Dataset records
- - -
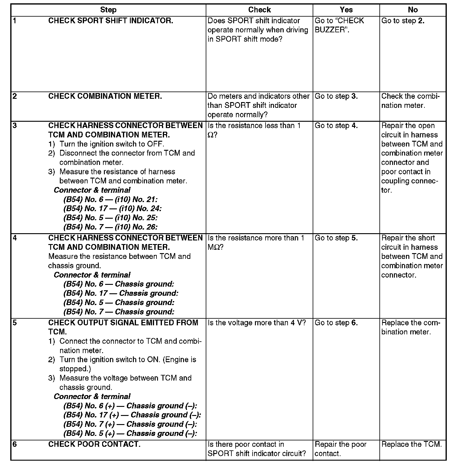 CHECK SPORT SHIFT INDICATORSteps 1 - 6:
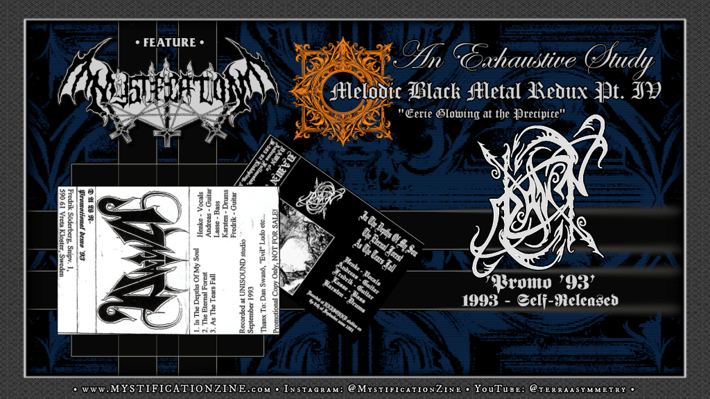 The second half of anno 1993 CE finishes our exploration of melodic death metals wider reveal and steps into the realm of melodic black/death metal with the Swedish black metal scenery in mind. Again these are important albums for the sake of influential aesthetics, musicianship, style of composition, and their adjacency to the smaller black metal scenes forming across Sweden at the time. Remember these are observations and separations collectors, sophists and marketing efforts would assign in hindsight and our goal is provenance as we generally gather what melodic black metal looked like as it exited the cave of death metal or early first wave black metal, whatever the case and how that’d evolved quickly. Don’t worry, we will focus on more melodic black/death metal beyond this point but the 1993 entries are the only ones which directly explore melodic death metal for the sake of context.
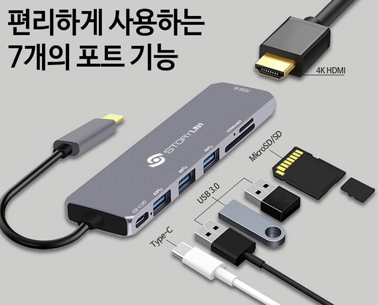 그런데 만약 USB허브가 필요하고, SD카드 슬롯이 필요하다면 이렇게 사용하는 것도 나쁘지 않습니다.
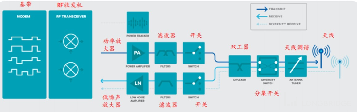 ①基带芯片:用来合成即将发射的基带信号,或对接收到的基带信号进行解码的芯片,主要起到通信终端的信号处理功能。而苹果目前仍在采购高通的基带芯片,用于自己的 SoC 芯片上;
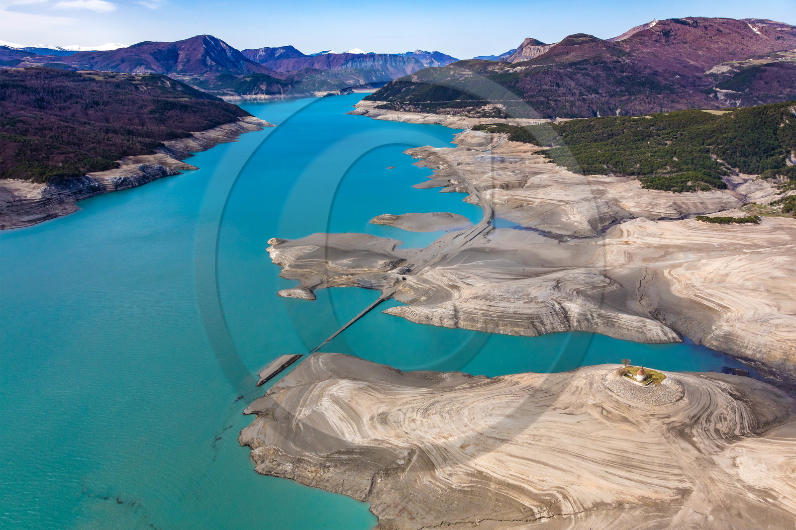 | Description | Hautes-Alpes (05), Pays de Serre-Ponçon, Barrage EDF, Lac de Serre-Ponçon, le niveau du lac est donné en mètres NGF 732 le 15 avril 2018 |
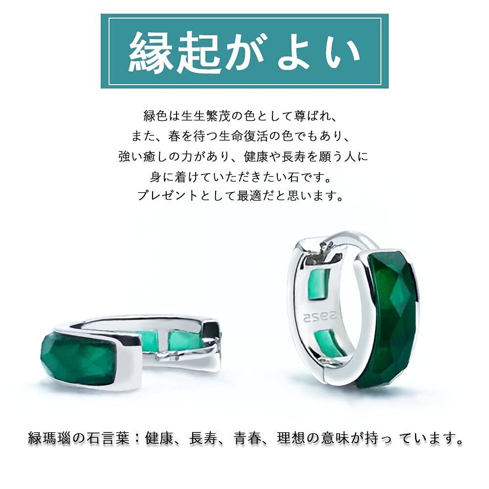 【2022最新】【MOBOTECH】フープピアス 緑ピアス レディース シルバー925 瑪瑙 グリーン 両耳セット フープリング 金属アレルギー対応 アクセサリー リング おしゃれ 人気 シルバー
- - -
- **DIRECTIONS**: Reproduce exactly the part of the records above that begins at the line holding "avril 2018 |" and ends at the final line, both included, leaving out the pictures.

- **EXPECTED OUTPUT**:
 | Description | Hautes-Alpes (05), Pays de Serre-Ponçon, Barrage EDF, Lac de Serre-Ponçon, le niveau du lac est donné en mètres NGF 732 le 15 avril 2018 |
 【2022最新】【MOBOTECH】フープピアス 緑ピアス レディース シルバー925 瑪瑙 グリーン 両耳セット フープリング 金属アレルギー対応 アクセサリー リング おしゃれ 人気 シルバー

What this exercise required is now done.